9. После этого, пожалуй, необходимо сказать о том, что противопоставляется середине: излишек или недостаток. В одних случаях середине противоположен недостаток, в других — излишек. Например, мужеству противоположна не дерзкая отвага (thrasytes), а трусость, т. е. некий недостаток. С другой стороны, благоразумию, середине между распущенностью и бесчувствием к удовольствиям, по-видимому, противоположно не бесчувствие, т. е. недостаток, а распущенность, т. е. излишек. Бывает, что середине противопоставляется и то и другое, излишек и недостаток, поскольку середина меньше, чем излишек, и больше, чем недостаток. Так, расточительные называют щедрых скупыми, а скупые щедрых — расточительными, равно как дерзко отважные и опрометчивые зовут мужественных трусливыми, а трусливые мужественных — опрометчивыми и одержимыми (mainomenoys).

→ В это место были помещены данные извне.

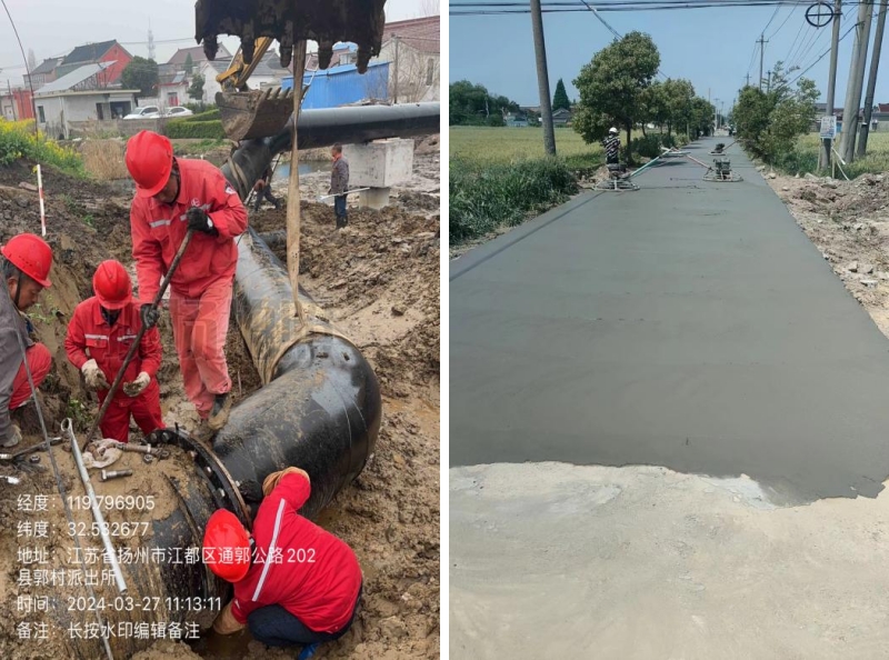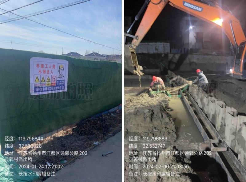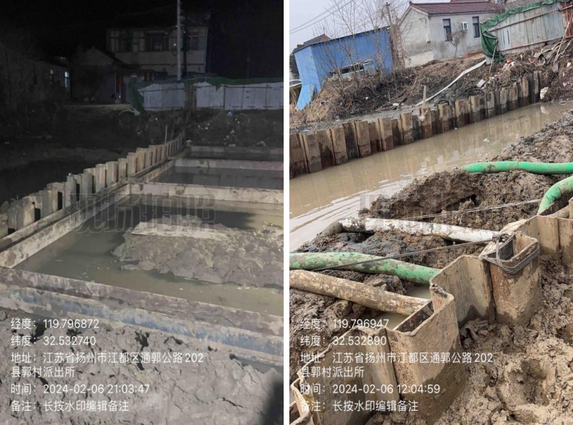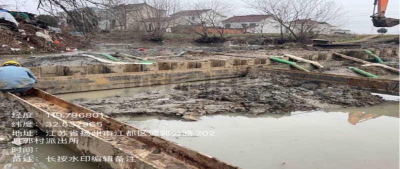 在施工過程中,東側(cè)原造橋壩頭設(shè)置過高,上游自來水漏水嚴重,挖機無法進場施工,人工拆除兩道壩頭。施工總體步驟:草袋圍堰支護,支護內(nèi)明排水,靜壓打樁,圍堰施工,開挖,管道維修,管道打壓,回填,鋼板樁拆除,圍堰拆除。

Две причины, по-видимому, заставляют нас противопоставлять середине то избыток, то недостаток. В одном случае смотрят на сам предмет, ближе или дальше он от середины, например что дальше от щедрости, расточительность или скупость; на щедрость больше походит расточительность, чем скупость, и, стало быть, скупость дальше отстоит от нее, а то, что дальше отстоит от середины,— то, по-видимому, более противоположно ей, так что сам предмет показывает, что в этом случае недостаток более всего противоположен середине. В других случаях смотрят иначе; например, что от природы более свойственно, то более противоположно середине. Например, нам свойственнее распущенность, чем упорядоченность. Мы склоняемся больше в сторону, которая нам свойственна, и, к чему мы больше склоняемся, то более противоположно [середине]; однако мы больше преуспеваем в распущенности, чем в упорядоченности; следовательно, избыток [в этом случае] наиболее противоположен середине, ведь распущенность — это избыток по отношению к благоразумию.

Итак, мы рассмотрели, в чем состоит добродетель. Она, по-видимому, есть некая середина между противоположными страстями. Недаром человек, желающий быть уважаемым за свой прав (ethos), должен соблюдать середину во всяком движении чувств. Оттого и трудно быть достойным человеком, ведь в любом деле трудно держаться середины. Например, круг начертить может всякий, но установить его середину непросто; подобно этому, и рассердиться легко, и легко впасть в противоположную крайность, но удержаться посредине — трудно. Вообще можно наблюдать на любом движении чувств, что удаленное от середины легко, а середина, за которую нас хвалят, трудна. Из-за этого добродетель редка.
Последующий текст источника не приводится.